- _Information_
☆ ☆ ☆ ☆

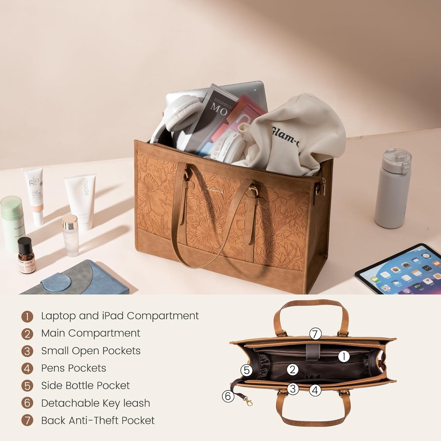 👒 VERSATILE AND PRACTICAL ☛ Built-in key hooks are perfect for keys or other accessories. The back pocket provides convenient storage space for your phone, wallet, and other small items! A side pocket in the bag is used to hold a water bottle or umbrella. The metal bottom nail makes our work shoulder bag wear and stain-proof.
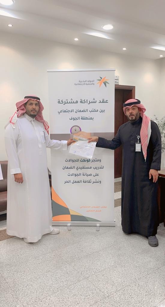 إنطلاقا من مبدأ الشراكة المجتمعية بين القطاعات الحكومية والقطاع الخاص لتحقيق اهداف الرؤية 2030 وضمن جهود مكتب الضمان الاجتماعي بمنطقة الجوف من خلال قسم التمكين بالمكتب تم توقيع عقد شراكة وتعاون بين المكتب ومثله بالتوقيع مدير المكتب الاستاذ /زياد الدرعان مع متجر كونكت للاتصالات ومثله الاستاذ/ سامي الفهيقي .
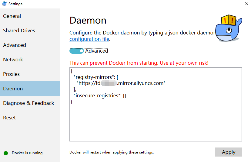 rrors 一栏中填写加速器地址 https://registry.docker-cn.com ,之后点击 Apply 保存后 Docker 就会重启并应用配置的镜像地址了。
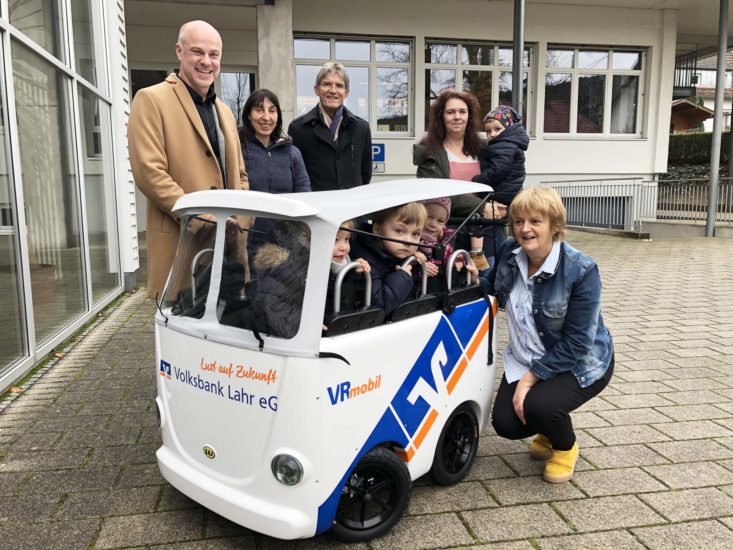 Der Kindergarten Wirbelwind aus Unterentersbach hatte ein lustiges Video gedreht und obendrein das nötige Glück. Jetzt gehört ein schicker weißer VRmobil-Kinderbus im Wert von 3.150 Euro zum Kita-Fuhrpark. Vor einigen Tagen wurde er von Mathias Hug, Leiter im Volksbank Kompetenzcenter in Zell am Harmersbach, offiziell übergeben.
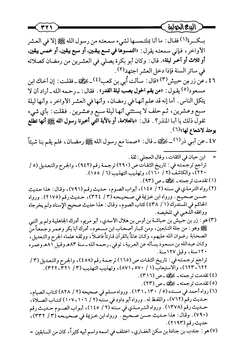 بكرة فقال: ما أنا بملتمسها لشيء سمعته من رسول الله صلى الله عليه وسلم إلا في العشر الأواخر، فإني سمعته يقول: ((التمسوها في تسع يبقين، أو سبع يبقين، أو خمس يبقين، أو ثلاث أو آخر ليلة)) . قال: وكان أبو بكرة يصلي في العشرين من رمضان كصلاته في سائر السنة فإذا دخل العشر اجتهد (¬1) .

☆ ☆ ☆ ☆

- _About this exercise_
Aside from the pictures, repeat the listing exactly.

- _Reply_
 👒 VERSATILE AND PRACTICAL ☛ Built-in key hooks are perfect for keys or other accessories. The back pocket provides convenient storage space for your phone, wallet, and other small items! A side pocket in the bag is used to hold a water bottle or umbrella. The metal bottom nail makes our work shoulder bag wear and stain-proof.
 إنطلاقا من مبدأ الشراكة المجتمعية بين القطاعات الحكومية والقطاع الخاص لتحقيق اهداف الرؤية 2030 وضمن جهود مكتب الضمان الاجتماعي بمنطقة الجوف من خلال قسم التمكين بالمكتب تم توقيع عقد شراكة وتعاون بين المكتب ومثله بالتوقيع مدير المكتب الاستاذ /زياد الدرعان مع متجر كونكت للاتصالات ومثله الاستاذ/ سامي الفهيقي .
 rrors 一栏中填写加速器地址 https://registry.docker-cn.com ,之后点击 Apply 保存后 Docker 就会重启并应用配置的镜像地址了。
 Der Kindergarten Wirbelwind aus Unterentersbach hatte ein lustiges Video gedreht und obendrein das nötige Glück. Jetzt gehört ein schicker weißer VRmobil-Kinderbus im Wert von 3.150 Euro zum Kita-Fuhrpark. Vor einigen Tagen wurde er von Mathias Hug, Leiter im Volksbank Kompetenzcenter in Zell am Harmersbach, offiziell übergeben.
 بكرة فقال: ما أنا بملتمسها لشيء سمعته من رسول الله صلى الله عليه وسلم إلا في العشر الأواخر، فإني سمعته يقول: ((التمسوها في تسع يبقين، أو سبع يبقين، أو خمس يبقين، أو ثلاث أو آخر ليلة)) . قال: وكان أبو بكرة يصلي في العشرين من رمضان كصلاته في سائر السنة فإذا دخل العشر اجتهد (¬1) .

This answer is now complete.